Indexing AllTheBacteria

Searching with the pre-built index on AWS

Run on EC2

Launch an EC2 instance in Europe London region (eu-west-2) where the index is located.
- OS: Amazon Linux 2023 64-bit (Arm)
- Instance type (You might need to increase the limit of CPUs):
  - c7g.8xlarge (32 vCPU, 64 GiB memory, 15 Gigabit, 1.3738 USD per Hour)
  - c6gn.12xlarge (48 vCPU, 96 GiB memory, 75 Gigabit, 2.46 USD per Hour) (recommended)
- Storage: 20 GiB General purpose (gp3), only for storing queries and results.
Connect to the instance via online console or a ssh client.
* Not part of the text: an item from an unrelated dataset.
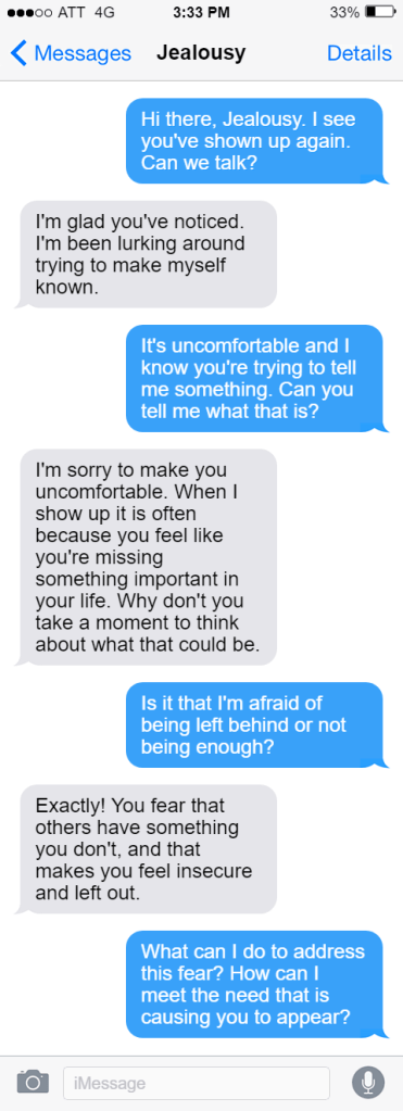 Like our conversation with fear, let’s dialogue with our jealousy. Rather than pushing it aside or labeling it as a “bad” emotion, let’s explore why it’s present and what it’s trying to teach us.

Mount the LexicMap index with mount-s3 (it’s fast but still slower than local disks):

 # install mount-s3. You might need to replace arm64 with x86_64 for other architectures
 wget https://s3.amazonaws.com/mountpoint-s3-release/latest/arm64/mount-s3.rpm

 sudo yum install -y ./mount-s3.rpm
 rm ./mount-s3.rpm

 # mount
 #     --log-directory log --debug --log-metrics
 mkdir -p atb.lmi log
 UNSTABLE_MOUNTPOINT_MAX_PREFETCH_WINDOW_SIZE=65536 \
     mount-s3 --read-only --prefix 202408/ allthebacteria-lexicmap atb.lmi --no-sign-request

Install LexicMap.

 # Binary's path depends on the architecture of the CPUs: amd64 or arm64
 # Please check the latest version here: https://github.com/shenwei356/LexicMap/releases
 #              or the pre-release here: https://github.com/shenwei356/LexicMap/issues/10
 wget https://github.com/shenwei356/LexicMap/releases/download/v0.7.0/lexicmap_linux_arm64.tar.gz

 mkdir -p bin
 tar -zxvf lexicmap_linux_arm64.tar.gz -C bin
 rm lexicmap_linux_arm64.tar.gz

Upload queries.

 wget https://github.com/shenwei356/LexicMap/raw/refs/heads/main/demo/bench/b.gene_E_faecalis_SecY.fasta

Run LexicMap.

 # create and enter a screen session
 screen -S lexicmap

 # run
 # it takes 20 minutes with c7g.8xlarge, 12.5 minutes with c6gn.12xlarge
 # b.gene_E_coli_16S.fasta takes 1h54m with c6gn.12xlarge.
 lexicmap search -d atb.lmi b.gene_E_faecalis_SecY.fasta -o t.txt --debug

Unmount the index.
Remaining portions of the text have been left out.